T cells are collected and isolated from either the cancer patient or a donor and then genetically modified to recognize cancer-associated antigens or molecules which may have escaped detection from the patient’s immune system. Afterwards, the resulting chimeric antigen receptor (CAR)-T cells are expanded and grown in large quantities in the lab and infused into the patient. CAR-T cells can then recognize and kill tumor cells which express cancer-specific antigens in the patient. This process is often referred to as “bench to bedside” as it delivers a research product directly to the patient.

How is CAR-T cell therapy being used today?

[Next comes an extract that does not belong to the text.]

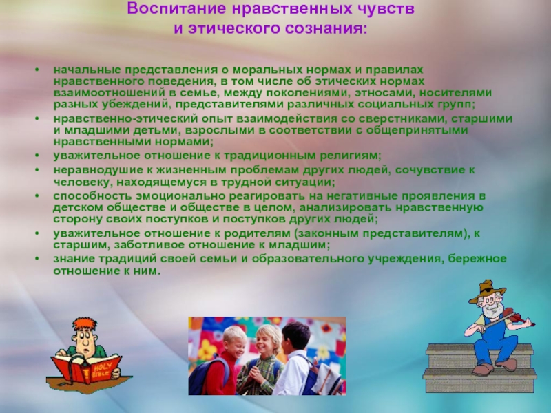 начальные представления о правах и обязанностях человека, гражданина, семьянина, товарища.
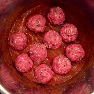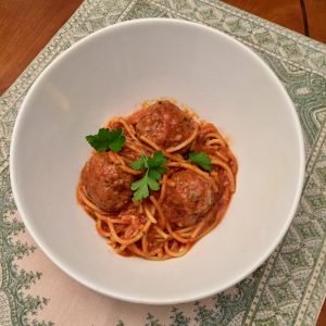 I have had a love/hate relationship with Canada’s gift to the kitchen. I’ve made some wonderful chili and soups but I have yet to completely understand Instant Pot’s allure. My first positive reaction to it was to think it’s really not a bad thing to give as dormitory gift. It sure beats the metal coil we used in college to make tea and instant coffee and nothing else. You can sauté in it, you can use it as a slow cooker and you can make budget cuts of meat tender in no time in an Instant Pot. You can also make Spaghetti and Meatballs. I discovered these several weeks ago. I was so leery as to how they’d turn out that I didn’t even bother to photograph the dish–something that’s pretty well un-heard of in our house.

CAR-T cell therapy has shown great potential for the targeted treatment of various cancers, especially for patients who have relapsed or have not responded well to other treatments such as chemotherapy. In 2017, the FDA approved Kymriah, the first CAR-T cell therapy for acute lymphoblastic leukemia (ALL) and later granted approval of Yescarta for B cell lymphoma. In 2018, there are over 240 CAR-T clinical trials, with 144 trials taking place in the USA.  CAR-T cell therapy continues to be at the forefront of immuno-oncology research, with the need to develop new methods and improve current technologies to increase delivery and efficacy in the clinic.

How will my donation help?
Power Paks, collected using a procedure called leukapheresis, serve as healthy control samples for researchers and replicate the apheresis collection patients undergo when receiving CAR-T cell therapy. Accessing these samples which most closely mimic how cells are processed during a clinical trial helps researchers to replicate how cells will respond once genetically modified. This means that researchers are already one step closer in the development of a new CAR-T cell therapy.